=== Goal of the exercise ===
Look below for the line containing "Keepall Bandoulière 50"; from there through the line containing "Optimization of selection", both lines included, please set down each line exactly and nothing else.

=== Supplied entries ===

▽

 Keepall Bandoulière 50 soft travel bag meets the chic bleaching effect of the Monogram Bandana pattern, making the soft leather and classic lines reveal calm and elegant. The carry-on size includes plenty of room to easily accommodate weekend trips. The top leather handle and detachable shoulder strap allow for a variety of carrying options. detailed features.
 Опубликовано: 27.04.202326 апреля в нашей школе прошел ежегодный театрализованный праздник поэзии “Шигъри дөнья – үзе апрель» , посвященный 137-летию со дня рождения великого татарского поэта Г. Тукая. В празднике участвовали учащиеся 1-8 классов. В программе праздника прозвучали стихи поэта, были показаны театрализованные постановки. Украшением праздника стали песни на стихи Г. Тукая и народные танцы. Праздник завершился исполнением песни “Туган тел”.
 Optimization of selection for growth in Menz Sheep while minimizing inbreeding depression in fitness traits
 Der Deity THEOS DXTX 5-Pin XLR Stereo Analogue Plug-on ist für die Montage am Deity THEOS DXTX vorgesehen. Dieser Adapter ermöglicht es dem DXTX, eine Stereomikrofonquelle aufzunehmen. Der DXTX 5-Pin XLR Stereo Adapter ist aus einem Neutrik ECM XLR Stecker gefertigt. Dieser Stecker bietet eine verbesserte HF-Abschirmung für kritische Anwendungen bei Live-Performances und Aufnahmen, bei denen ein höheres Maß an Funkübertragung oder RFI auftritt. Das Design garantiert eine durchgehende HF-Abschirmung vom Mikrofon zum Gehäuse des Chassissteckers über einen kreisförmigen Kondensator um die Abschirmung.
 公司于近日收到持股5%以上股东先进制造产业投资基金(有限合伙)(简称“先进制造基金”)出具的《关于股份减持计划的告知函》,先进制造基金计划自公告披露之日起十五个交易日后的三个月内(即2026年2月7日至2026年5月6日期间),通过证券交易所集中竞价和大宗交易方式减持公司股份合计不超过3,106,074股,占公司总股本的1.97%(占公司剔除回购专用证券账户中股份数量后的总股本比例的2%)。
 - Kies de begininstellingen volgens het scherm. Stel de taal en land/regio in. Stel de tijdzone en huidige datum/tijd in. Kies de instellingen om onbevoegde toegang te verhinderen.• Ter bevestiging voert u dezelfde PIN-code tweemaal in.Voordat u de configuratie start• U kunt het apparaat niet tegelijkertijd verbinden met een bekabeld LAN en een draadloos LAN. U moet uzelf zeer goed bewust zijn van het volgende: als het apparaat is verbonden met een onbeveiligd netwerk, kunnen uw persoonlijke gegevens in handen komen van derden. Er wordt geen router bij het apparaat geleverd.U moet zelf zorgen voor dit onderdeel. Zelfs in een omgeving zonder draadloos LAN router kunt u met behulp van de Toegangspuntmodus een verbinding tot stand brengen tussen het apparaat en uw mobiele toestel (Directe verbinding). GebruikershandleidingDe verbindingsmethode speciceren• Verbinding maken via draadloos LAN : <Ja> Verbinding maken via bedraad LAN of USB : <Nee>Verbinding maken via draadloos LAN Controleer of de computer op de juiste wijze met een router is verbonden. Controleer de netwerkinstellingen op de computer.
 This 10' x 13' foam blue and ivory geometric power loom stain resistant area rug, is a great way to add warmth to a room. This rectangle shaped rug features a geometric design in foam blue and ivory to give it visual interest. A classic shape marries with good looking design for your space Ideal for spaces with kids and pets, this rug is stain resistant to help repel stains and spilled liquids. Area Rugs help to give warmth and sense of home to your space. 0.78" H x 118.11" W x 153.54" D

△
▽

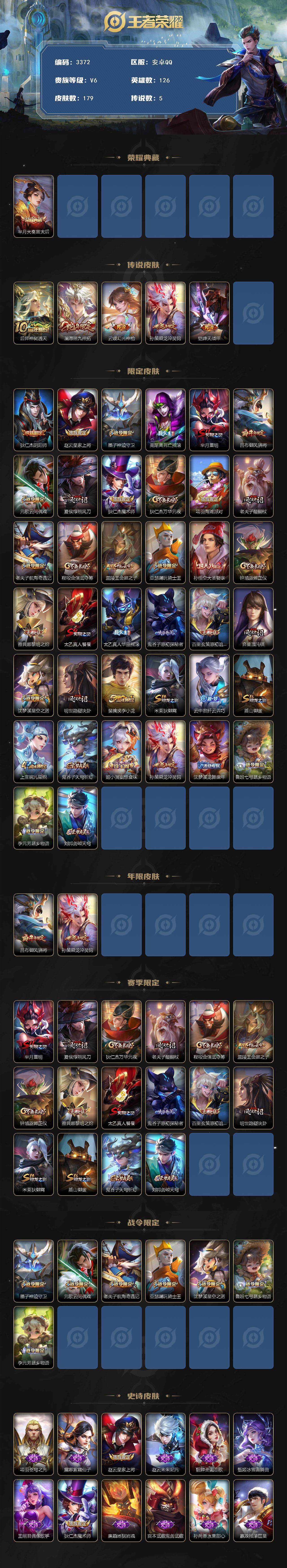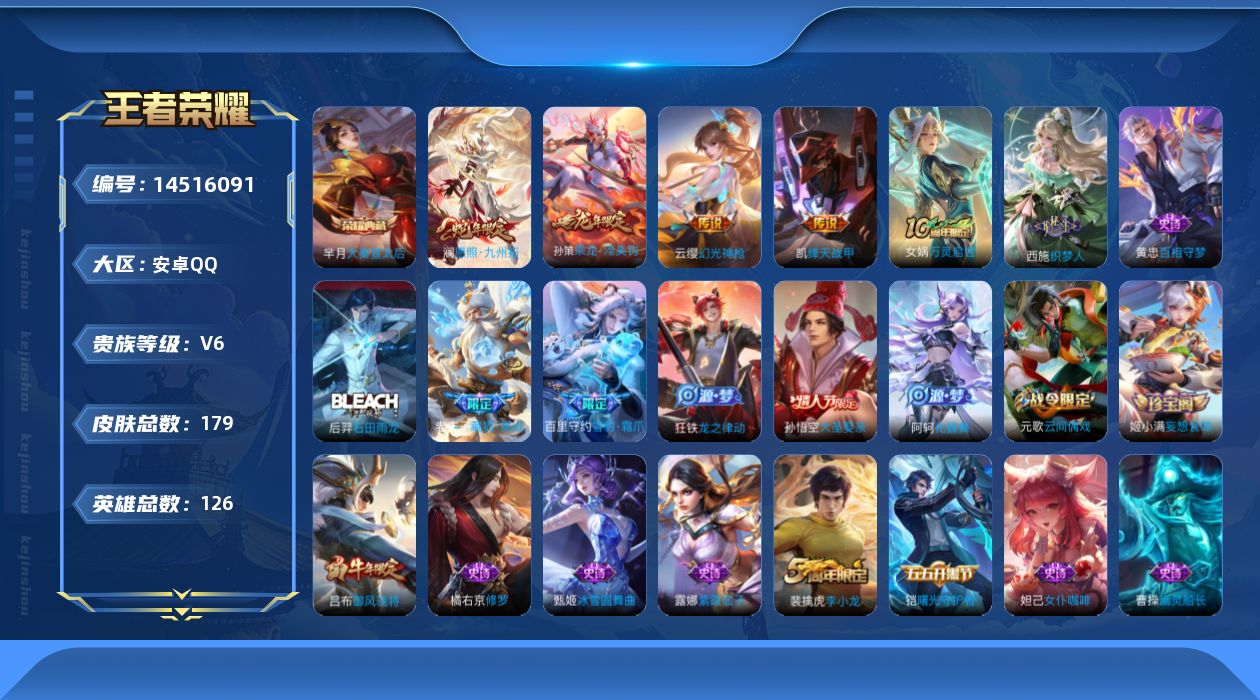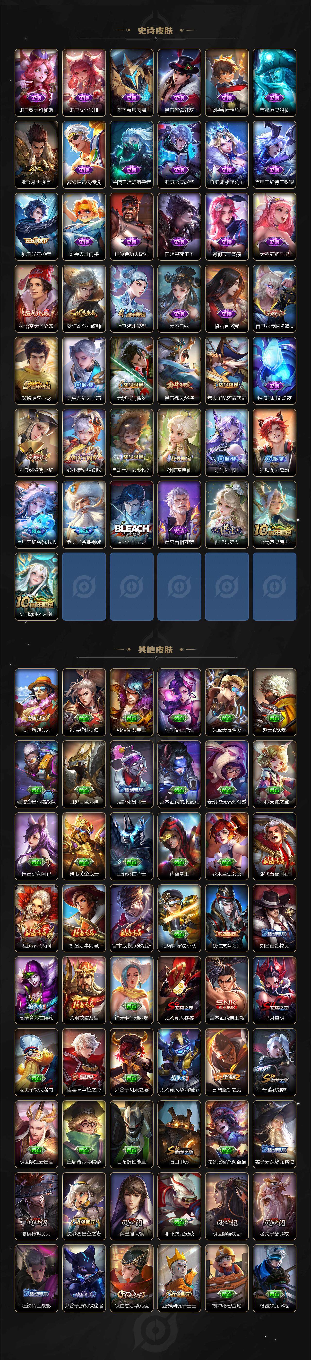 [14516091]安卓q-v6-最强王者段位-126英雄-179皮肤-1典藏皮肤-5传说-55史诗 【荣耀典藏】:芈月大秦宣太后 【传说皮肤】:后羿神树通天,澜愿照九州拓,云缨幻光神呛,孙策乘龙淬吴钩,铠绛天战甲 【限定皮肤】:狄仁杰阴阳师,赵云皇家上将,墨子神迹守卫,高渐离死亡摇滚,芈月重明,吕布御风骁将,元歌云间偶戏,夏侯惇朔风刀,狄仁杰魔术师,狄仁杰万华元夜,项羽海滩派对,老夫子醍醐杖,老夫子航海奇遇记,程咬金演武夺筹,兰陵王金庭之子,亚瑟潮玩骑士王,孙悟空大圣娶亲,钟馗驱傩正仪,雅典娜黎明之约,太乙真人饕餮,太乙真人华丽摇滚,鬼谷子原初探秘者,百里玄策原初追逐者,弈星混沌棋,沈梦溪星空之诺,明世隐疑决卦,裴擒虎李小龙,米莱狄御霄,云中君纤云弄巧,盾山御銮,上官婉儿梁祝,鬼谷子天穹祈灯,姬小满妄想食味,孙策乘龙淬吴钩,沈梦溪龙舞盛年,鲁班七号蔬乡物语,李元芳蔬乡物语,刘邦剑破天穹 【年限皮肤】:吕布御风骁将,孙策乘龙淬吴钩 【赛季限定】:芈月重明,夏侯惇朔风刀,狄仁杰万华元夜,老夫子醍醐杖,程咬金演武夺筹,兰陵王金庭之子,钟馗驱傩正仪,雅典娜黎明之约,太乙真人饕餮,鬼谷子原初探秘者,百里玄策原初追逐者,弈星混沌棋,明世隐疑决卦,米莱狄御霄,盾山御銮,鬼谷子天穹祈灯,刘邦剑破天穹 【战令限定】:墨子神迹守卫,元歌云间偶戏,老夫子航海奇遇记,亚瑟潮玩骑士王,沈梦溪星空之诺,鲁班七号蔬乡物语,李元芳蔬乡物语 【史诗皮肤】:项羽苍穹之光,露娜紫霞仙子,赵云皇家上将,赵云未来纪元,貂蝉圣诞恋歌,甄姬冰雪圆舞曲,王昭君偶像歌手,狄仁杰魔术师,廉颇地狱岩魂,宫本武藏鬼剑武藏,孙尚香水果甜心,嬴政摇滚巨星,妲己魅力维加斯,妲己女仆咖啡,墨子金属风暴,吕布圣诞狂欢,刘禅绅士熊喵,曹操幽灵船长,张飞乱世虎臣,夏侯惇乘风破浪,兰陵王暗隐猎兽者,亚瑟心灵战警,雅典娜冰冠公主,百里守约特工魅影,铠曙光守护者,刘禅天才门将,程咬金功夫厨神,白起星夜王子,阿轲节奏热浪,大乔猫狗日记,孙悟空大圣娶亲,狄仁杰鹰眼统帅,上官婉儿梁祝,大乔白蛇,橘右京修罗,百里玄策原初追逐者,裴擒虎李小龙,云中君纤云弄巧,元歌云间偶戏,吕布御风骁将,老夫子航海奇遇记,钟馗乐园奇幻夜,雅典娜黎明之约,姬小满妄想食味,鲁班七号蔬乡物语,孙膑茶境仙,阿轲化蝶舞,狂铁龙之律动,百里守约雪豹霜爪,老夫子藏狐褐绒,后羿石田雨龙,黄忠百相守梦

△

=== Solution to this problem ===
 Keepall Bandoulière 50 soft travel bag meets the chic bleaching effect of the Monogram Bandana pattern, making the soft leather and classic lines reveal calm and elegant. The carry-on size includes plenty of room to easily accommodate weekend trips. The top leather handle and detachable shoulder strap allow for a variety of carrying options. detailed features.
 Опубликовано: 27.04.202326 апреля в нашей школе прошел ежегодный театрализованный праздник поэзии “Шигъри дөнья – үзе апрель» , посвященный 137-летию со дня рождения великого татарского поэта Г. Тукая. В празднике участвовали учащиеся 1-8 классов. В программе праздника прозвучали стихи поэта, были показаны театрализованные постановки. Украшением праздника стали песни на стихи Г. Тукая и народные танцы. Праздник завершился исполнением песни “Туган тел”.
 Optimization of selection for growth in Menz Sheep while minimizing inbreeding depression in fitness traits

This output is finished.